2. Publish and subscribe model
A message producer publishes a message to a Topic, multiple message consumers subscribe to the message, and the message is not cleared after the consumer consumes the data. Belongs to the one-to-many mode, as shown in the figure:
3. System architecture
I found a good architecture diagram on the Internet:
The figure above identifies a Kafka architecture consisting of producers, brokers, consumers, and a ZooKeeper cluster. Create a Partition for each Topic:
Here are the characters:
3.1, Producer
Message producers, brokers that push messages into a Kafka cluster.
3.2, Consumer
Message consumers pull messages from the Kafka cluster and consume messages.
3.3, Consumer Group
A Consumer Group consists of one or more consumers, each of whom belongs to a Consumer Group. A consumer group is logically a subscriber. Each consumer in the consumer group is responsible for consuming data of different partitions, and a partition can only be consumed by one consumer in the group; Consumer groups do not influence each other. That is, each message can only be consumed by one Consumer in the Consumer Group. But it can be consumed by multiple Consumer groups. In this way unicast and multicast are realized.
3.4, the Broker
A Kafka server is a Broker, and a cluster consists of multiple brokers, each of which can hold multiple topics.
3.5, the Topic
The category or topic of a message, logically understood as a queue. Producers focus only on which topics they push messages to, and consumers focus only on which topics they subscribe to.
3.6, Partition
For load balancing and scalability considerations, a Topic can be divided into multiple partitions and physically stored on multiple brokers in a Kafka cluster. For reliability, each Partition has a backup Replica.
3.7, up
To ensure that the Partition data on a node in the cluster is not lost and Kafka can continue to work, Kafka provides a replication mechanism. Each Partition in a Topic has several copies. A Leader and several followers.
3.8, Leader
Replica’s main role, Producer and Consumer, only interact with the Leader.
3.9, followers
Replica slave role synchronizes data from the Leader in real time and keeps data synchronization with the Leader. When the Leader fails, a Follower becomes the new Leader.
3.9, the Controller
One of the servers in a Kafka cluster that performs the Leader election and various Failover operations.
3.9, the ZooKeeper
Kafka uses Zookeeper to store cluster meta information.
4, Topic and Partition
A Topic can be thought of as a class of information, a logical queue, with Topic specified for each message. In order for Kafka throughput to increase linearly, the Topic is physically divided into one or more partitions. Each Partition appends the log file at the storage layer. After the message is pushed in, it is appended to the end of the log file. The position of each message in the file is called offset, which is a long number that uniquely identifies a piece of information. Since each message is appended to the end of the Partition, it is sequentially written to the disk, which is very efficient. As shown in figure:
5. Network model
Kafka’s network model is based on Reactor model, which is the response model. The Kafka network model is divided into two parts: Kafka client (Consumer and Producer) is a single-thread Reactor model, and Kafka server is a multi-thread Reactor model.

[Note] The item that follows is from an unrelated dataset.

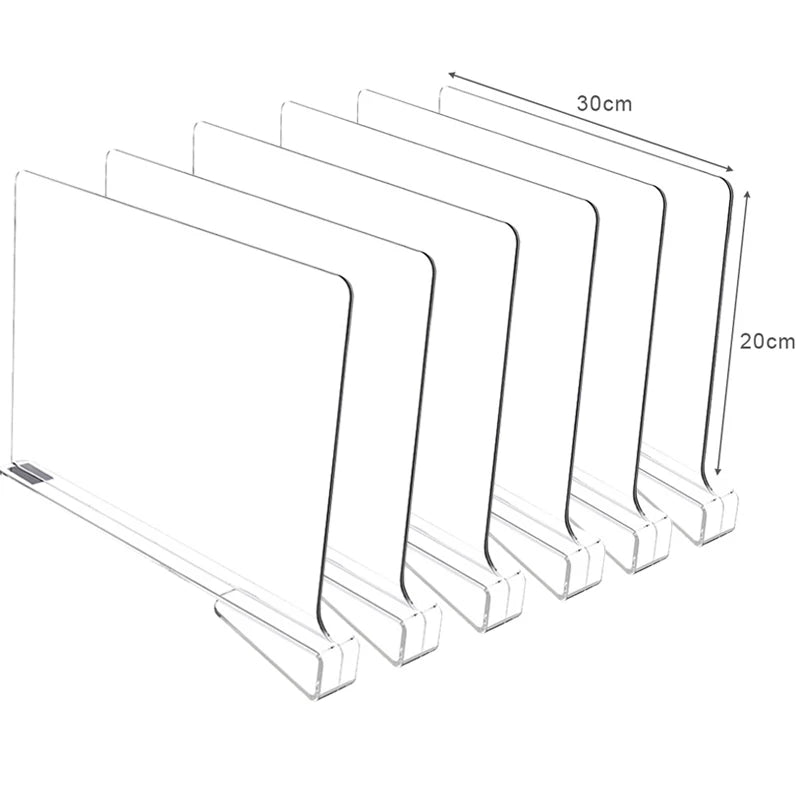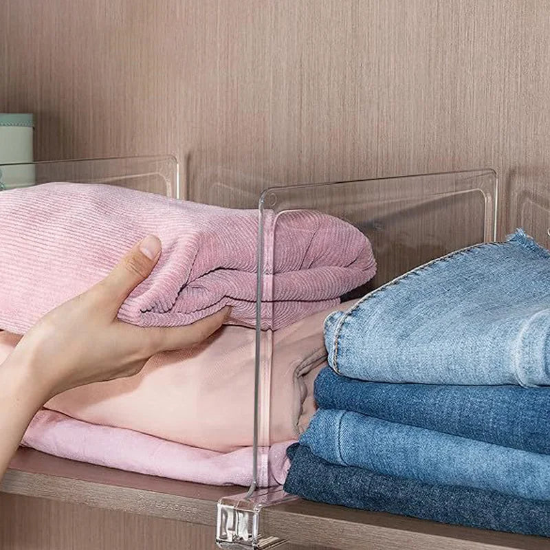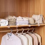 Adjustable Shelf Dividers: Designed to slide and adjust, these dividers fit a variety of shelf sizes, allowing you to customize storage zones within your wardrobe. Whether it's t-shirts, jeans, or handbags, you can easily create personalized sections for all your items without tools or permanent fixtures.

5.1. Single-thread Reactor
As shown in figure:
The Reactor thread is responsible for multiplexing sockets, accepting new connections, and dispatching requests to the Handler Handler.
5.2. Multithreaded Reactor
The following is from; Message-oriented middleware — A brief description of the NIO network communication model in Kafka
- Acceptor: An Acceptor thread that listens for new connection requests, registers OP_ACCEPT events, and sends new connections to the Processor thread in the “round Robin “manner.
- Processor: N Processor threads, each of which has its own selector, register the corresponding OP_READ event to the Acceptor’s SocketChannel. The size of the OP_READ event is determined by num.net worker.Threads.
- KafkaRequestHandler: M request processing threads, contained in the thread pool KafkaRequestHandlerPool, fetch request data from RequestChannel’s global requestQueue and hand it to KafkaApis. The size of M is determined by num.io. Threads;
- RequestChannel: It is the request channel of the Kafka server. This data structure contains a global requestQueue requestQueue and multiple response queues corresponding to the Processor responseQueue. A place for the Processor to exchange data with the request-processing threads KafkaRequestHandler and KafkaApis.
- NetworkClient: The underlying layer is the corresponding encapsulation of Java NIO, located in the Kafka network interface layer. Kafka message producer object – The Send method of KafkaProducer mainly calls NetworkClient to send messages.
- SocketServer: A NIO service that starts an Acceptor Acceptor thread and multiple Processor threads. A typical Reactor multithreading model is provided, which separates receiving client requests from processing requests.
- KafkaServer: represents an instance of a Kafka Broker; The startup method is the entry for instance startup.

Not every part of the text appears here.